Methods for Level 1 (runs 1–3)
The first run started with a pre-trained subject-independent classifier on simple features: band-power in alpha (8–15 Hz) and beta (16–32 Hz) frequency range in three Laplacian channels at C3, Cz, C4. During these runs, the LDA classifier was adapted to the user after each trial. The inverse of the pooled covariance matrix (see Eq.
2) was updated for observation
\(\user2{x}(t)\) using a recursive-least-square algorithm, (see Vidaurre et al.
2006 for more information):
$$ {\varvec{\Sigma}}({\user2{t}}) ^{-1}=\frac{1}{1-UC}\left( {\varvec{\Sigma}}(t-1)^{-1} - \frac{{\user2{v}}(t)\cdot {\user2{v}}^{\top}(t)}{\frac{1-UC} {UC}+{\user2{x}}^{\top}(t)\cdot{\user2{v}}(t)} \right)$$
(5)
where
\({\user2{v}}(t) = {\varvec{\Sigma}}^{-1}(t-1)\cdot {\user2{x}}(t)\) . Note, the term
\({\user2{x}}^{\top}(t)\cdot {\user2{v}}(t)\) is a scalar and no costly matrix inversion is needed. In Eq.
5, UC stands for update coefficient and is a small number between 0 and 1. For the present study, we chose UC = 0.015 based on a simulation using the data of the screening study. To estimate the class-specific adaptive mean
\({\varvec{\mu}}_1(t)\) and
\({\varvec{\mu}}_2(t)\) one can use an exponential moving average:
$$ {\varvec{\mu}}_i(t) = (1-UC)\cdot {\varvec{\mu}}_i(t-1) + UC\cdot {\user2{x}}(t) $$
(6)
where i is the class of
\(\user2{x}(t)\) and UC was chosen to be 0.05. Note that the class-mean estimation is done in a supervised manner.

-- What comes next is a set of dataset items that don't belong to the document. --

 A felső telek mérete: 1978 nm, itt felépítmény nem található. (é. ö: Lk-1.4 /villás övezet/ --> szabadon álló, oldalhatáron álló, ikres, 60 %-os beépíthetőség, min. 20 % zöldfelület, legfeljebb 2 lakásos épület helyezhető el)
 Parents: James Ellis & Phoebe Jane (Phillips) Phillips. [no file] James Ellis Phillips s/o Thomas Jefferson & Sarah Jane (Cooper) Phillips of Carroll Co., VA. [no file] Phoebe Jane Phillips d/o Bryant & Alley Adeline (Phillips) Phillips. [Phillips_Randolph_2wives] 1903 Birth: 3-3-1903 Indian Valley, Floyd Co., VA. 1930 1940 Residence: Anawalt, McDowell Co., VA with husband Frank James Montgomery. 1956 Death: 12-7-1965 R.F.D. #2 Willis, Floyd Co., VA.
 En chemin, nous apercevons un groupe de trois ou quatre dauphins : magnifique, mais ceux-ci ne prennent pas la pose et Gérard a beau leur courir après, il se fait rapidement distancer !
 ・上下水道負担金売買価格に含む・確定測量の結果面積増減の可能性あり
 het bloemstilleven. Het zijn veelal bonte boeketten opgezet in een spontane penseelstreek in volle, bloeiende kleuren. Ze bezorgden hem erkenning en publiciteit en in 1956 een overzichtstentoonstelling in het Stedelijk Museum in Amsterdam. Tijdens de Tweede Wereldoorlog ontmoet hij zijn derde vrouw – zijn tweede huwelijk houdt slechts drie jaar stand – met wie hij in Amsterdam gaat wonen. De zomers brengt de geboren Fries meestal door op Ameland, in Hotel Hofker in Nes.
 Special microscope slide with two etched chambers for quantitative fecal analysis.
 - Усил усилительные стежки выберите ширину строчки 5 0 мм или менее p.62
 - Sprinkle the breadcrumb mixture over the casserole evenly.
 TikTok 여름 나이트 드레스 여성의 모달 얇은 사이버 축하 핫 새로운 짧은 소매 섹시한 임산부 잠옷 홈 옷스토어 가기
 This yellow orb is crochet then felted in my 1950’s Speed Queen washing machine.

Methods for Level 2 (runs 4–6)
For the subsequent 3 runs, a classifier was trained on a more complex composed band-power feature. On the data of run 1–3, a subject-specific narrow band was chosen automatically (Blankertz et al.

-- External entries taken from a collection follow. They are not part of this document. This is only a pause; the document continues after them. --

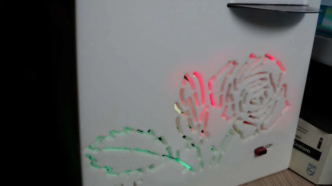 вообще если подсветить белой лампой, то цвет, который ты нанёс, останется, стебель будет зелен, а лепестки красны
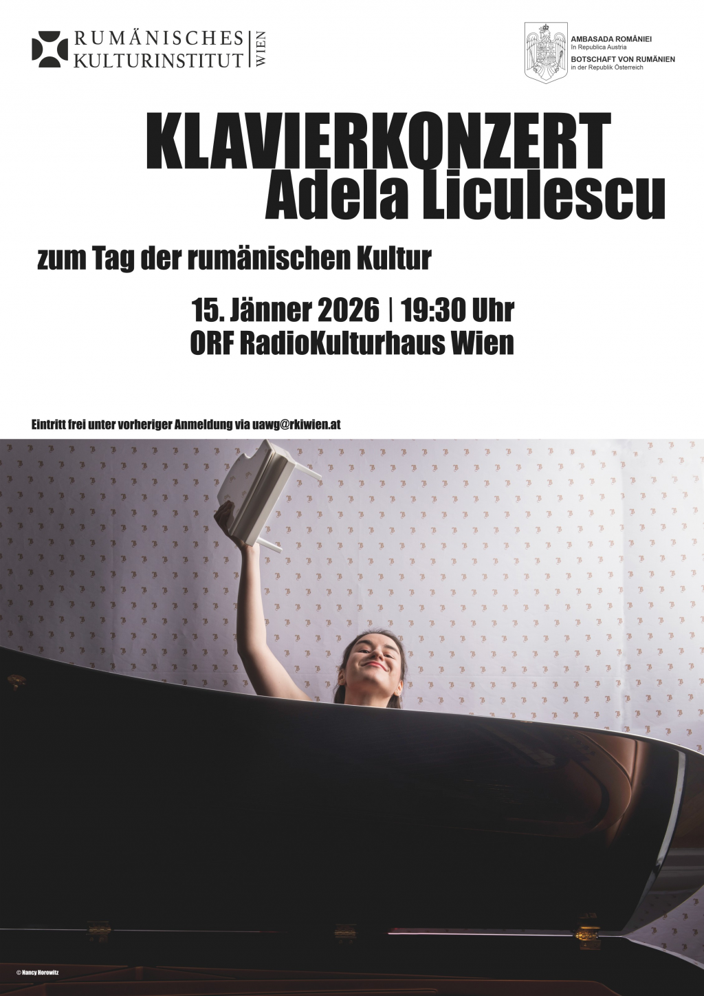 Institutul Cultural Român de la Viena organizează, în colaborare cu Ambasada României în Republica Austria și ORF Rundfunkhaus, un recital de pian susținut de Adela Liculescu. Concertul va avea loc la Sala Mare a Radioului Austriac, în data de 15 ianuarie. Recitalul se deschide și se încheie cu două lucrări de George Enescu: Suita op. 10 pentru pian și Rapsodia română nr. 1 ,în partea centrală fiind interpretate compoziții semnate de Paul Constantinescu, Carl Filtsch – copil-minune născut la Sebeș în 1830,Tudor Dumitrescu – alt copil-minune al României, al cărui destin s-a încheiat tragic la vârsta de 19 ani, în cutremurul din 1977 – și Nicolae Kirculescu, compozitor român cunoscut mai ales pentru muzica ușoară și de film. Adela Liculescu va concerta ulterior la Sala Muzeului Hallwyl din Stockholm, în cadrul evenimentului organizat de ICR Stockholm, în data de 19 ianuarie, în colaborare cu Ambasada României în Regatul Suediei.
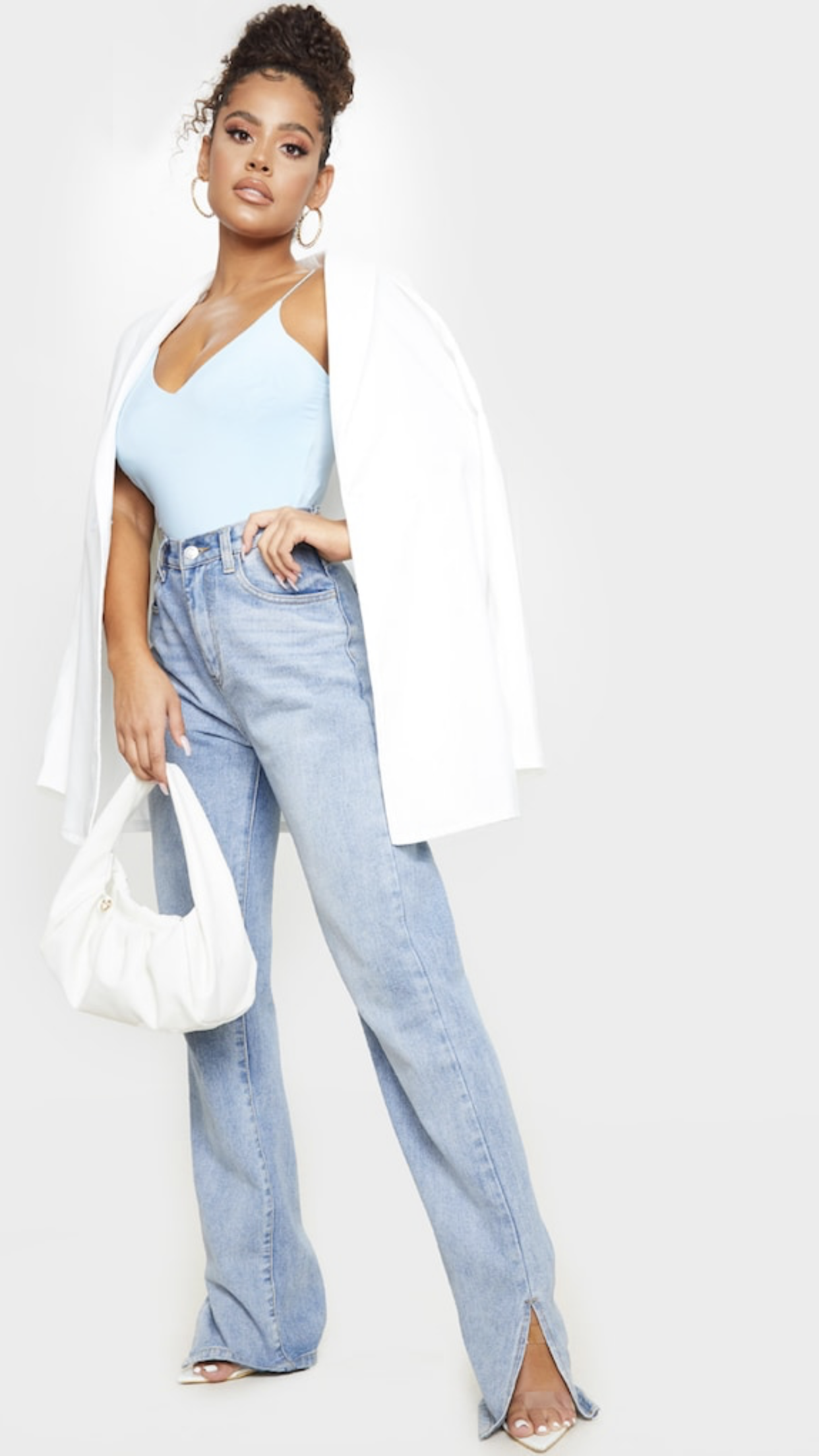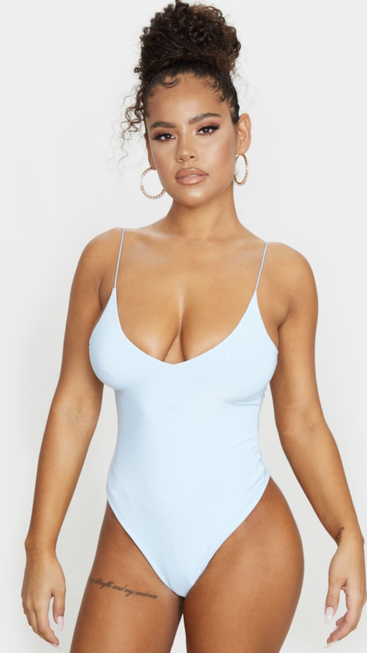 Add some pastel hues to your look with this bodysuit. Featuring a pastel blue material with elasticated spaghetti straps and popper fastenings. Style this with light wash jeans and barely-there heels for drinks with the dolls.
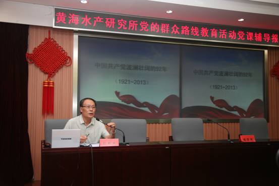 9月2日,黄海水产研究所举办党的群众路线教育实践活动党课辅导报告会。在青所领导,全体职工、学生代表参加了报告会。中国水产科学研究院党的群众路线教育活动第三督导组副组长、原东海所党委书记樊强国到会指导。报告会由金显仕所长主持。
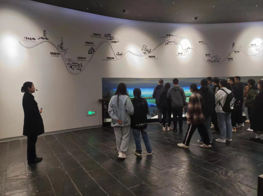 活动伊始,讲解员带领着同学们进入了规划馆一楼。首先是城市历史展区,展柜以古今最具代表性的商铺、企业和城市文化(世一堂、一汽、长影、雕塑)展现长春城市衍变的过程。

2008b). For this frequency band, optimized spatial filters have been determined by Common Spatial Pattern (CSP) analysis (Blankertz et al.
2008b). Furthermore, six Laplacian channels have been selected according to their discriminability, which was quantified by a robust variant of the Fisher score (mean replaced by median). The selection of the positions was constraint such that two positions have been selected from each of the areas over left hand, right hand and foot. While CSP filters were static, the position of the Laplacians was reselected based on the Fisher score of the channels. Channel selection and classifier were recalculated after each trial using the last 100 trials. The classifier used here was regularized version of LDC, with automatic shrinkage, to account for the higher dimensionality of the features, as in Vidaurre et al. (
2009). The feature vector was the concatenation of log band-power in the CSP channels and the selected Laplacians channels. The addition of the repeatedly selected Laplacian channels was included in order to provide flexibility with respect to spatial location of modulated brain activity. During these three runs the adaptation to the user was done again in a supervised way.